April 24, 2013 at 4:44 PM ET
The Dow snapped a three-day rally Wednesday, while the S&P 500 and Nasdaq finished nearly flat after hovering around the flatline in lackluster trading for most of the session, as investors digested a batch of corporate earnings against a disappointing durable goods orders report.
The Dow Jones Industrial Average slid 43.16 points to finish at 14,676.30, dragged by AT&T and P&G. Microsoft and Alcoa led the blue-chip gainers.
The CBOE Volatility Index (VIX), widely considered the best gauge of fear in the market, ended above 13.
Among the key S&P sectors, energy led the gainers, while telecoms tumbled. The telecom sector is seeing its worst day since August 2011, when the U.S. lost its prized triple-A credit rating from S&P.
Among earnings, Apple moved between gains and losses after the iPhone maker beat on the top and bottom lines, but investors were disappointed with the company's comments on slower growth and lower margins and a lack of new products on the near horizon. Adding to woes, at least eleven brokerages slashed their price target on the company.
Ford Motor rallied after the automaker beat Wall Street expectations on profit and revenue.
Dow component Procter & Gamble turned in quarterly earnings that beat expectations, but shares declined as the household goods manufacturer posted outlook for the current quarter that fell short of Wall Street forecasts.
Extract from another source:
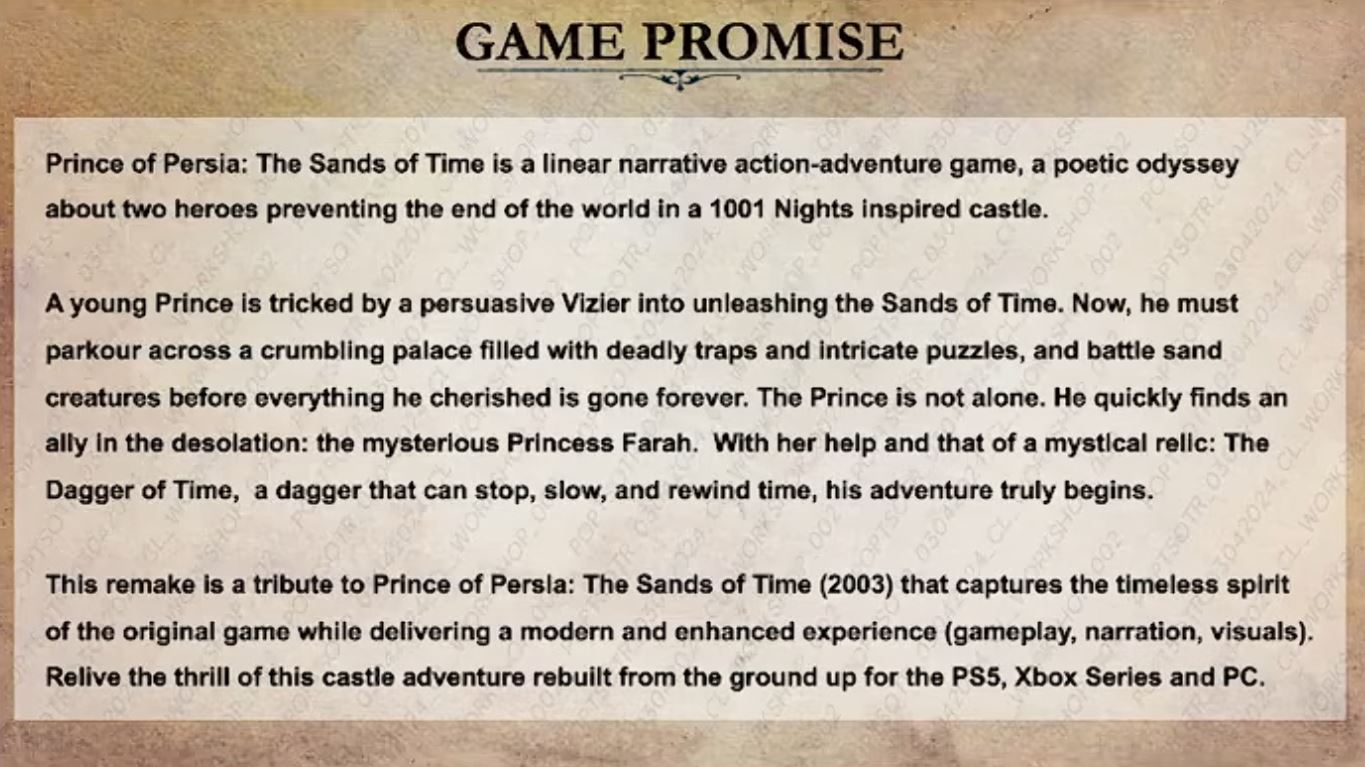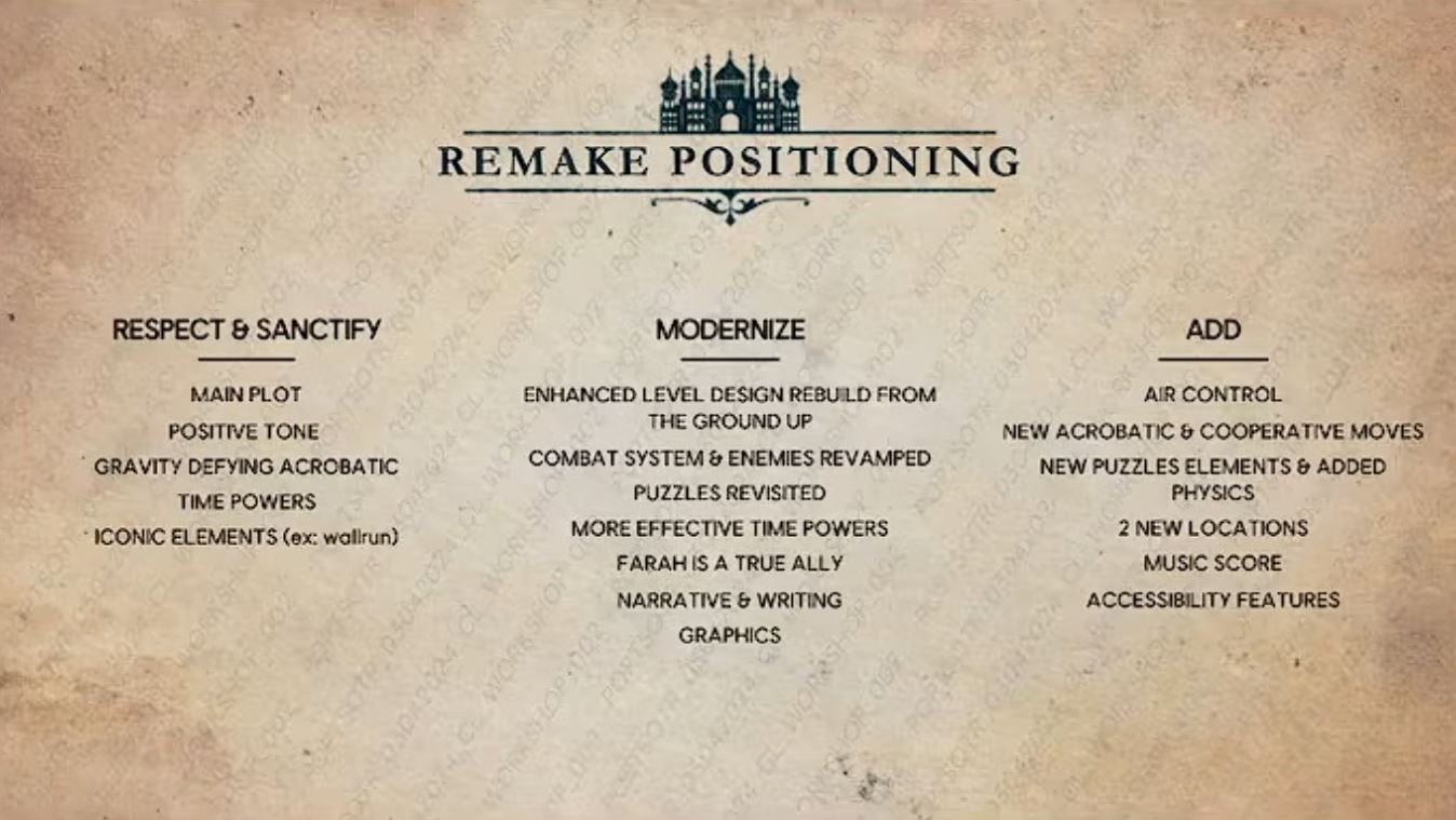 Hovoria, že remake má zostať lineárnym singleplayerovým dobrodružstvom s modernizovaným príbehom, hrateľnosťou a grafikou, pričom tón má ostať „ľahší“ ako v origináli (rating 16+ vraj vychádza najmä z násilia na začiatku). Príbeh sa nemení, udalosti majú ostať rovnaké, no tím chce doplniť viac interakcií princa a Farah, aby vzťah pôsobil prirodzenejšie. Ich „filozofiou remaku“ je byť niekde medzi vernou kópiou a veľkou prestavbou, s prístupom „rešpektovať, zachovať, modernizovať a niečo pridať“.

Yum Brands soared after the parent company of KFC reported earnings that topped expectations, despite a drop in sales in its top China market. The company also reiterated its earnings forecast for the year.
AT&T tumbled more than 5 percent after the telecommunications company posted revenue that disappointed analysts and reported a net loss of cellphone subscribers.
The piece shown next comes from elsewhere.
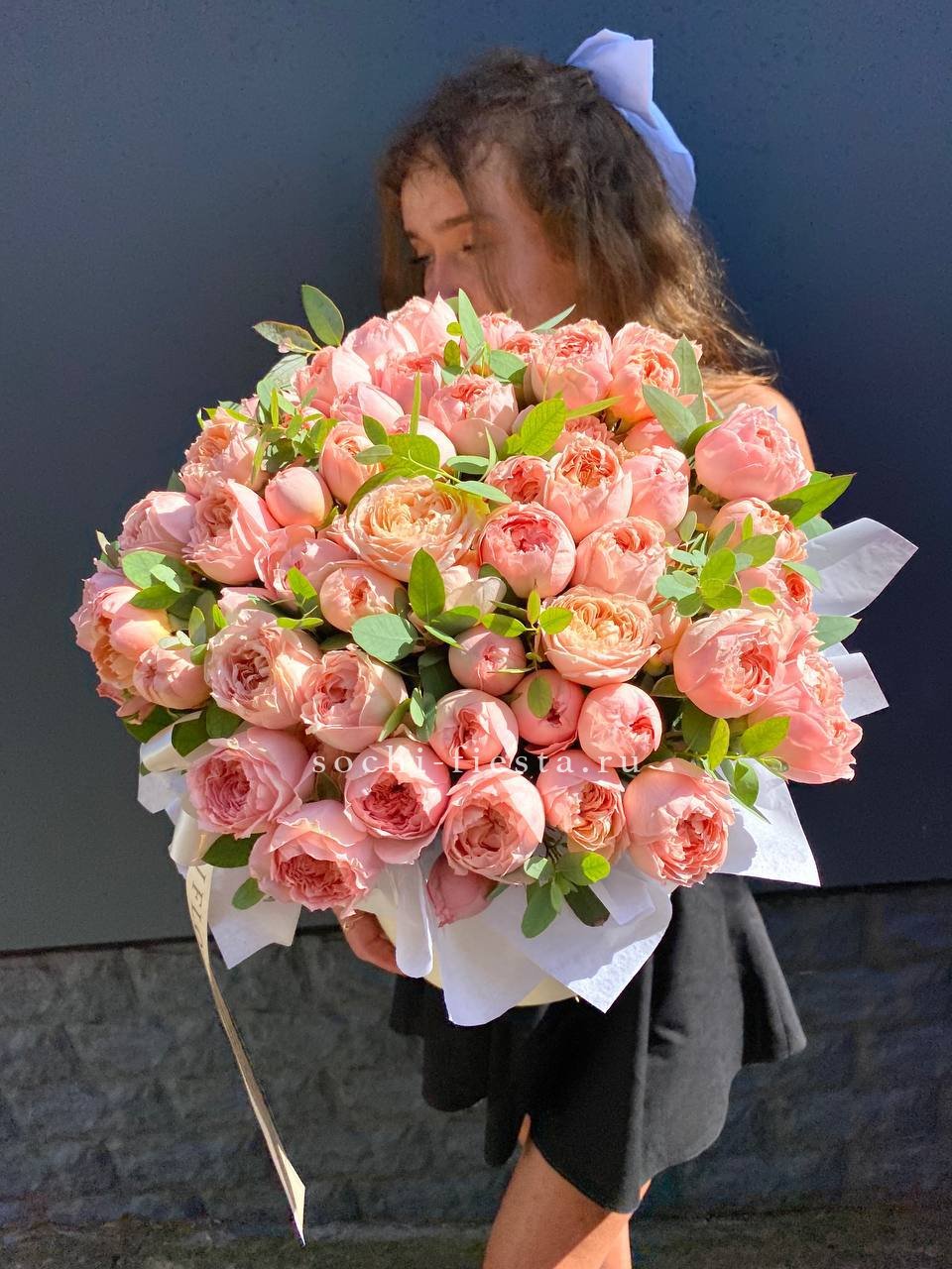 кустовые пионовидные розы сорта Джульетта, цилиндр D20, эвкалипт, лента, тишью.
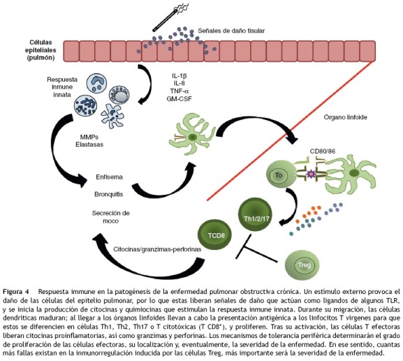 La EPOC se caracteriza por una respuesta inflamatoria exagerada hacia partículas nocivas y gases. El sistema inmunorregulador en la EPOC no actúa de manera eficiente en la prevención del daño pulmonar y de las vías aéreas; por este motivo, hay un predominio de las respuestas proinflamatorias. Se ha demostrado que existe un aumento de las células Treg en la sangre periférica, el LBA y los cortes histológicos de pulmón de pacientes con EPOC, y que el incremento está correlacionado con la gravedad de la enfermedad. Fallas genéticas y epigenéticas podrían explicar la deficiente actividad inmunorreguladora de las células Treg en la EPOC; sin embargo, también es probable que las células efectoras presenten resistencia a ser reguladas; esto debe ser evaluado en trabajos futuros.

Rival Sprint Nextel posted a smaller than expected quarterly loss, even as it saw steep customer losses from the Nextel network it is shutting down. Sprint's board is currently evaluating a $25.5 billion acquisition offer from satellite TV service Dish Network, which challenged Sprint's October agreement to sell 70 percent of the company to Japan's SoftBankfor $20.1 billion.
Meanwhile, Edwards Lifesciences plunged more than 20 percent to lead the S&P 500 laggards after the medical devices maker missed Wall Street expectations and handed in weaker-than-expected current-quarter and full-year guidance.
"Companies continue to have an unrelenting focus on being efficient," said Matt Kaufler, portfolio manager of the Federated Clover Fund. "It will continue to be a tough revenue environment for the next quarter and earnings expectation for the year will be pulled in a bit."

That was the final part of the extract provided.